--- GIVEN DATA Enclosed Below ---

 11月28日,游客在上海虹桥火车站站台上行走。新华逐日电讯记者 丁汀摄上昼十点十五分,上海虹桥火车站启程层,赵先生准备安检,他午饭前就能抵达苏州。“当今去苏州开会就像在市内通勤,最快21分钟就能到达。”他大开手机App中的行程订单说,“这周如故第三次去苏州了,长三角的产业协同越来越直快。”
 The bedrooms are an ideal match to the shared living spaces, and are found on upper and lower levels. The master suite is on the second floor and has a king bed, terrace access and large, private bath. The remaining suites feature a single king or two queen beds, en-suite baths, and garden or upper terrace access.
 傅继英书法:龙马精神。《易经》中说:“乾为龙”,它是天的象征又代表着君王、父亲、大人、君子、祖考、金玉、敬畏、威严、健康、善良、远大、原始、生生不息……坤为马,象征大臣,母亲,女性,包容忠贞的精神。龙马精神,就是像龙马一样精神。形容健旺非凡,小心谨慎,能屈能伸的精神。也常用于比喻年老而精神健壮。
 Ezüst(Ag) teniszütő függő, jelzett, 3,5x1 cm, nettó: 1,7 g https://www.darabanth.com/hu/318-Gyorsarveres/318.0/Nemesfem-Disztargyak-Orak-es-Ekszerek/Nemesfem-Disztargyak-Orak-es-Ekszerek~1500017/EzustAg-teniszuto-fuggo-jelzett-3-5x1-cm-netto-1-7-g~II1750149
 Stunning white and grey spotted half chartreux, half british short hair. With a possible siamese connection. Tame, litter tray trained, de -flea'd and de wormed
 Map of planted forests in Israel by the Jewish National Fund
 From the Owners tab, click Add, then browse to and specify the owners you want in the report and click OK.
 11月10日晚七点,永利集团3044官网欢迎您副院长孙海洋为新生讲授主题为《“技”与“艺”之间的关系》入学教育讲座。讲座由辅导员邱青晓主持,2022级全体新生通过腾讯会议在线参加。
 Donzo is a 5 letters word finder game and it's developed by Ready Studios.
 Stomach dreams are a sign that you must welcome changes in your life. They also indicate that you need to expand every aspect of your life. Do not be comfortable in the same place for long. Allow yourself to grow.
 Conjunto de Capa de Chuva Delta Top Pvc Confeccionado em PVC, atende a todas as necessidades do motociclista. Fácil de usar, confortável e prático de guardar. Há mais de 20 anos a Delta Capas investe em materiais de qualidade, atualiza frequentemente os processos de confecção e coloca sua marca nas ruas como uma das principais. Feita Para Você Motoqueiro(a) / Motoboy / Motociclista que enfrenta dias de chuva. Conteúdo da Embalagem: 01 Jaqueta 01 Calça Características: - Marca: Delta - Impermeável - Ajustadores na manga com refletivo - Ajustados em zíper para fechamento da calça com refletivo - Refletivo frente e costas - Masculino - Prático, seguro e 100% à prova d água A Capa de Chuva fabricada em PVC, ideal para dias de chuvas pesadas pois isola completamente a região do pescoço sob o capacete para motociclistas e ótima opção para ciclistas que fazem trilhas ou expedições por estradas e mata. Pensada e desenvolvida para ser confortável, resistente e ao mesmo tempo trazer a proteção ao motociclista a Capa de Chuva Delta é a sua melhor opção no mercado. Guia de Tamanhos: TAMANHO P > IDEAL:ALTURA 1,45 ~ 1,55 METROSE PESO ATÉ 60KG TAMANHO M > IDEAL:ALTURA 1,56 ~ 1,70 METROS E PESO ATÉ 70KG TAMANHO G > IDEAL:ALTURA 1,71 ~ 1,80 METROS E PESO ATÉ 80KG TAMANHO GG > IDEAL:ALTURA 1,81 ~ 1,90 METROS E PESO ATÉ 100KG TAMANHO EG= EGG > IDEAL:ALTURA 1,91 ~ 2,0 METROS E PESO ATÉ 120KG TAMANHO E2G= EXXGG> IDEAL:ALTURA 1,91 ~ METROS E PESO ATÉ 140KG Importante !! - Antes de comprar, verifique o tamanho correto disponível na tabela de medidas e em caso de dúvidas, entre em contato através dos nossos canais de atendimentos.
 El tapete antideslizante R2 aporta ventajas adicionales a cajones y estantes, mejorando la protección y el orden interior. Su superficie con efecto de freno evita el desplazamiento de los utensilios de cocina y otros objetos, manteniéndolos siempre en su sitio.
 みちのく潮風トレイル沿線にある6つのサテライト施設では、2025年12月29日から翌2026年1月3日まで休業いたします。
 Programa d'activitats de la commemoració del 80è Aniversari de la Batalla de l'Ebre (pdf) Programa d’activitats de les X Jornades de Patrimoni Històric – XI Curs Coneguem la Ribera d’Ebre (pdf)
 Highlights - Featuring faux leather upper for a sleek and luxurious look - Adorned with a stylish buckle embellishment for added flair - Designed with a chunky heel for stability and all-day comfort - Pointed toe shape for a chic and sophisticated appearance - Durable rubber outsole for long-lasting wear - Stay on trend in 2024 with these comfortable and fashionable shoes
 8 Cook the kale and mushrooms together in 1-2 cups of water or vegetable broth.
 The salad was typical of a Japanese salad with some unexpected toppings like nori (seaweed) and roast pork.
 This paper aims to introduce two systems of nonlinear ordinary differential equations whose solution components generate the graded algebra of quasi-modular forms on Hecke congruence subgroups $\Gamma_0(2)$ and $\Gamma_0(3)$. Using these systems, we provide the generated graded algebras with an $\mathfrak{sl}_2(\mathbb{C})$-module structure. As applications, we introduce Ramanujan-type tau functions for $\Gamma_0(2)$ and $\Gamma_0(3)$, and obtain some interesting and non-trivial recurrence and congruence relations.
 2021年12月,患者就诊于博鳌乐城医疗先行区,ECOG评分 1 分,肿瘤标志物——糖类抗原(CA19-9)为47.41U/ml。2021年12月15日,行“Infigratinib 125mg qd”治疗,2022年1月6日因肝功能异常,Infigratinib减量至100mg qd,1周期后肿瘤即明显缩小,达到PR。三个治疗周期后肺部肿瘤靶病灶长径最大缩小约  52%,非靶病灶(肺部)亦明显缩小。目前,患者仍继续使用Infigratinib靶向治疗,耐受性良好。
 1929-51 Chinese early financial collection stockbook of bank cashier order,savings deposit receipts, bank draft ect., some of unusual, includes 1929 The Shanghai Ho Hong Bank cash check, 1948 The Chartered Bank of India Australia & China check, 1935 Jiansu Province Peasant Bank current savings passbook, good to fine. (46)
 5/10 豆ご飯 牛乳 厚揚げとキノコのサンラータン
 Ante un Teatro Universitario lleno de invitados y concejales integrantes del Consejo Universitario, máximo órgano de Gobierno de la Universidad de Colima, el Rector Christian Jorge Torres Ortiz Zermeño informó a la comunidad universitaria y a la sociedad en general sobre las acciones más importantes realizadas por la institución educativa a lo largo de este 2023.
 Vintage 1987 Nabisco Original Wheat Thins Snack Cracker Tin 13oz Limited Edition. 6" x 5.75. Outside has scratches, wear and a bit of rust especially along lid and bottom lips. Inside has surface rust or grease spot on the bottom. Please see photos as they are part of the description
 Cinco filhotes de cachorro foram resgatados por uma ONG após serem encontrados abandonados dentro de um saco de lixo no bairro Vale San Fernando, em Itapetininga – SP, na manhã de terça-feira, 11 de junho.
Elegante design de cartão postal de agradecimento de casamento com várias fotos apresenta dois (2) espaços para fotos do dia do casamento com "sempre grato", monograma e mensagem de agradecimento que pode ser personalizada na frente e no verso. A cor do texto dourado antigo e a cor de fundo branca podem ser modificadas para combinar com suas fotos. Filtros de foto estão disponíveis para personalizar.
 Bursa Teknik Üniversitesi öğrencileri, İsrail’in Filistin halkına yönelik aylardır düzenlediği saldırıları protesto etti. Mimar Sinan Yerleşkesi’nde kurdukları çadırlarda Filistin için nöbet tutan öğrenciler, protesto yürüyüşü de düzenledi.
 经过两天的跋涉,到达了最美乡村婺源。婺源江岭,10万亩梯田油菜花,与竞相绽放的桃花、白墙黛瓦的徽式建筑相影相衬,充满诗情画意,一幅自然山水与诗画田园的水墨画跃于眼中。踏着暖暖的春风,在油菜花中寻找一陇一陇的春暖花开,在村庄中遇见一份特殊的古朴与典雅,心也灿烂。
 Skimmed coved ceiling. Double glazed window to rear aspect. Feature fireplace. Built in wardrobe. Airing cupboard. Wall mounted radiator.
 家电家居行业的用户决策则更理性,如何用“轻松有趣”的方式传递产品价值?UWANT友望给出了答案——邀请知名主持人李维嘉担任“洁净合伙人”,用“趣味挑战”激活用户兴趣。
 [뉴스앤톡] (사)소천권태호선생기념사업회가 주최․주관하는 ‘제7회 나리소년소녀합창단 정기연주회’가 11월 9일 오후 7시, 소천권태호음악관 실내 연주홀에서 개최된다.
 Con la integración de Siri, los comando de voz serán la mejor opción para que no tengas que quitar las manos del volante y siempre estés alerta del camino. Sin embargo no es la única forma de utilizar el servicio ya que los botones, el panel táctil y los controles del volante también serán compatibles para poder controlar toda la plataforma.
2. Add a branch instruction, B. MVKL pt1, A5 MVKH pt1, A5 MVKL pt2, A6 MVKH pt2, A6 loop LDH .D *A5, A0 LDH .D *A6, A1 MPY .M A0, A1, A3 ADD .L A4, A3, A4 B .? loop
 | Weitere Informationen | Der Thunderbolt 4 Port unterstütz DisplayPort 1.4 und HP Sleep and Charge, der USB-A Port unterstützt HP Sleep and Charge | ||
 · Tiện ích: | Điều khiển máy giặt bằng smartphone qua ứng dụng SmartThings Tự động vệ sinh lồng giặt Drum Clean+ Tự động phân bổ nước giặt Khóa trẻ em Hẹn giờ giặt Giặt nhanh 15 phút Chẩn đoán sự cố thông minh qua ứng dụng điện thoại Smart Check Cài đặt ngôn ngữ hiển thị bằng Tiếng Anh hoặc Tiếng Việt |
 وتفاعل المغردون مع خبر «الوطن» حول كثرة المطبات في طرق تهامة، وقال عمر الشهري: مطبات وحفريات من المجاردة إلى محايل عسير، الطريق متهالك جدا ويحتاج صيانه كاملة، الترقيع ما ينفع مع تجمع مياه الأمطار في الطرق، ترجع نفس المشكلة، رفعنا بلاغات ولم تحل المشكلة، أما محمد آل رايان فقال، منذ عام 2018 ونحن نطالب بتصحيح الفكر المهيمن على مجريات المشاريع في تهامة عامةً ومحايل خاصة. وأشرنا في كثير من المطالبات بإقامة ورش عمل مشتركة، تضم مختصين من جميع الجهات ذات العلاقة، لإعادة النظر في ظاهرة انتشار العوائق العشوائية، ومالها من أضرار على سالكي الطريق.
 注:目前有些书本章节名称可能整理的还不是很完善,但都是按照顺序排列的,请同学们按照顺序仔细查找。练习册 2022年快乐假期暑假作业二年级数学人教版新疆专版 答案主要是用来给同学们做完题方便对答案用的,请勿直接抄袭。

--- End of Enclosed GIVEN DATA ---

> **TASK TO COMPLETE**: Return word for word the lines above from the line with "Charge | ||" to the line with "Tiếng Việt |", including both and leaving out all others.

> **WRITTEN RESPONSE**:
 | Weitere Informationen | Der Thunderbolt 4 Port unterstütz DisplayPort 1.4 und HP Sleep and Charge, der USB-A Port unterstützt HP Sleep and Charge | ||
 · Tiện ích: | Điều khiển máy giặt bằng smartphone qua ứng dụng SmartThings Tự động vệ sinh lồng giặt Drum Clean+ Tự động phân bổ nước giặt Khóa trẻ em Hẹn giờ giặt Giặt nhanh 15 phút Chẩn đoán sự cố thông minh qua ứng dụng điện thoại Smart Check Cài đặt ngôn ngữ hiển thị bằng Tiếng Anh hoặc Tiếng Việt |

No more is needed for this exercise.